Protein Production Abstraction
Our proposed model relies on an abstraction of the process of protein production, taking into account the formation of incorrectly folded intermediates and the presence of aggregated misfolded protein. Our proposed model is shown below
Figure 1. The proposed path consists of a number of species. The first one identified is "natal peptide" this species represents the initial amount of amino acid chain being produced by the ribosome. It is the "starting" amount of potential protein/misfolded protein/inclusion body present in the system. The second species identified is the "unstable protein" this references proteins that have not reached their fully stable conformations yet or have been destabilized by environmental conditions. Unstable protein has the potential to be degraded by cellular proteases which results in the "degraded protein" species. Additionally unstable proteins have the potential to clump together to form the "inclusion body" species. The inclusion body species is also degraded by proteases so the degraded protein species is also a potential result. The final species is the stable functional protein form. This stable form is also degraded by proteases but in very very small amounts |
Relationship Equations
In order to begin investigating the factors that may affect the final state of the natal peptide it first becomes important to define how each of the species in the system interact. This is where the MATLAB software becomes useful. The proposed model pathway can be represented in the MATLAB Simbiology Toolbox.

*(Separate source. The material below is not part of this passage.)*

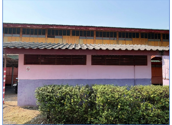
ภาพถ่ายด้านหลังอาคาร

Figure 2. Each of the blue circles correspond to the species identified in the previous section, while the yellow circles define the reaction that occurs between the two species. The Simbiology software uses these defined reactions to determine the amounts of each species present in the system as the species interact over a period of time. The results of the simulation are described in a later section |
The reactions present in the system are described by the following equations
natal peptide -> unstable protein | This reaction is an irreversible reaction where all of the natal peptide present becomes unstable protein with a rate constant of 1. This reflects the assumption that all of the initial amino acid sequence will at some point be present as unstable protein capable of being degraded or forming inclusion bodies |
unstable protein + inclusion body <-> 2 inclusion body | This reaction is a reversible reaction that defines how unstable proteins form into inclusion bodies. The simulation assumes that there is a baseline very small concentration of inclusion body present. This base value may interact with unstable protein to form more inclusion bodies resulting in a positive feed back that begins to form higher concentrations of inclusion bodies. The rate constant at which this process occurs is dependent on a number of factors discussed in a later section. Inclusion body formation represents a potential outcome of the protein expression system |
unstable protein -> degraded protein | This reaction represents unstable protein being degraded by proteases. This reaction follows the Henri-Michaelis-Menten equilibrium process. In this process there is a pseudo equilibrium present that is determined to be one way, as degraded protein does not return to its pre degraded state. The constant for this reaction is a set value that is relative to the particular protease. For simplicity a single value was selected to represent this impact. Once the unstable protein has been degraded it is removed from the simulation system and can not form inclusion bodies or functional proteins. As a result degraded protein represents one of the potential "outcomes" of a protein expression experiment |
inclusion body -> degraded protein | Our system assumes that inclusion bodies are degraded by the same process as unstable proteins, but that the rate of degradation is slower than that of a single unstable protein. This is proposed to be the result of the protease being unable to access individual proteins of the inclusion body for degradation. As a result the process is considerably slower than the degradation of straight unstable proteins. The difference is reflected in the rate constant for each of the two reactions |
unstable protein <-> functional protein | This reaction represents the process of the unstable protein becoming stable functional protein. The reaction is reversible as different environmental conditions, discussed later on, can determine whether or not the protein is in a stable state or unstable state. |
Factors Under Investigation
For the purpose of our model there were two categories of factors that we investigated. These categories are Environmental factors and sequence factors. It is important to note that these divisions are arbitrary and don't necessarily exist in reality. Specifically these categories were created for the convenience of organizing the factors being investigated and determining how to best evaluate their impact.
Environmental factors
The collection of factors refers to those features of the cells environment that will have an impact on the stability of proteins being produced. When we use the term environment we are referring to both the external temperature at which the cell is growing, the pH of its environment and the concentration of protein within cellular compartments. These factors are not determined by features of the protein being produced but will still affect the likelihood of inclusion body formation and/or protein instability.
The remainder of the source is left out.